In 1999, the Princeton Review (my old home) provided two primary ways to help students to prepare for standardized tests such as the SAT, ACT, LSAT, GRE, GMAT, or MCAT: live instruction in small classes or a couple of books one could buy at the local bookstore. Eight years later, when I left the company, the choices had practically multiplied exponentially.
I referenced 1999 because that’s when my team started building Princeton Review’s first online courses. By 2007, companies offered up to 10 different books to prepare for a given test, online courses available at prices from free to $1000, shorter live courses at your school as relatively inexpensive as $200 up to retail courses for $1500, one-on-one tutoring for $400 an hour or more, and even prep on mobile devices such as a cell phone! Whew, long sentence.
On the other hand, if you go back only another 20 years to the late 70s, the only test prep available were crap courses usually taught by the most boring, crotchety librarian you can imagine—from some company called Stanley Kaplan. More on that another time!
Anyway, in 2010, the diversification continues: type in your favorite (ha) standardized test in the iTunes search box if you don’t believe me. There are even tutors who charge 25 THOUSAND DOLLARS (don’t worry, I’m not recommending that).
This is all wrong, right? Why did it happen?

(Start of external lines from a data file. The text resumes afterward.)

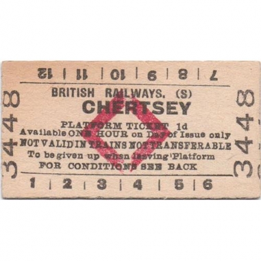 Platform Ticket, BR (S), Chertsey, 1d, Serial No 3448
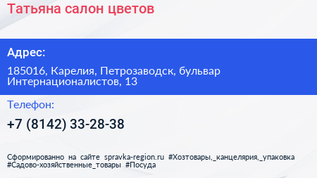 Татьяна, салон цветов по адресу 185016, Карелия, Петрозаводск, бульвар Интернационалистов, 13 в дальнейшем Организация, размещена в следующих категориях:
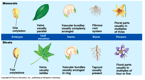 | Monocot vs dicot usage of endosperm | Monocot stores most food in endosperm, dicot restocks nutrients into developing cotyledons |
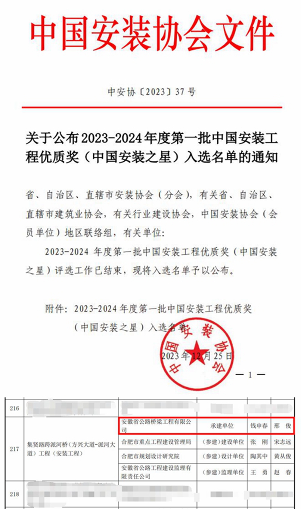 12月25日,中國安裝協(xié)會公布了2023-2024年度第一批中國安裝工程優(yōu)質(zhì)獎(中國安裝之星)入選名單,公司承建的集賢路跨派河橋(方興大道-派河大道)工程榜上有名。此項目是中國安裝工程優(yōu)質(zhì)獎(中國安裝之星)歷年獲獎項目中首個市政橋梁項目,也是公司首個獲得中國安裝工程優(yōu)質(zhì)獎(中國安裝之星)的項目。
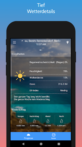 Der Wetterbericht ist eine der besten kostenlosen Wetter-Apps mit allen Funktionen: lokales Wetter, Wetterkarte (windyty weather map service) und Wetter-Widgets.

It’s pretty simple. People obviously will pay for test prep now that much of it actually helps. Test prep was well, boring and meaningless to most through the 1970s. Then Princeton Review came around, so they get most of the credit for initiating the expansion: Founder John Katzman and colleagues pretty quickly took leadership of the SAT prep market by offering cool, interesting teachers and strategy that worked (unlike Kaplan’s at that time). Kaplan eventually got it together, but not before Princeton Review was a strong number 2 in all the graduate and professional markets as well.
From there, test prep exploded once folks started offering these programs that actually respected the customer (and therefore worked). Furthermore, people also have different preferences, schedules, learning styles, budgets, etc. So, technology—and that good old American entrepreneurial spirit—drove the test prep explosion further.
Some people want to prepare alone, in their underwear, in front of a computer, at midnight—rather than in a classroom with that irritating teacher’s pet in the front row. They buy online courses.
Some people have an hour train ride every day and would love to use that time to prep. They now do that on their mobile devices, which we all prefer to them talking on the phone.
And, as I’ve said elsewhere, these approaches, which are often less expensive, can work for you—if they fit the way you stay motivated and will learn.
Sure, some products are better than others. Some services are driven more by hype than by superior results (another future column). But there are innumerable test prep tools and services out there in a variety of formats at all price points. It’s good news.
As I discuss in other posts, the most important decision you can make is not necessarily which test prep company, but rather what tools and approaches to use. 30 years ago you had one or two choices. Today, well, it’s crazy.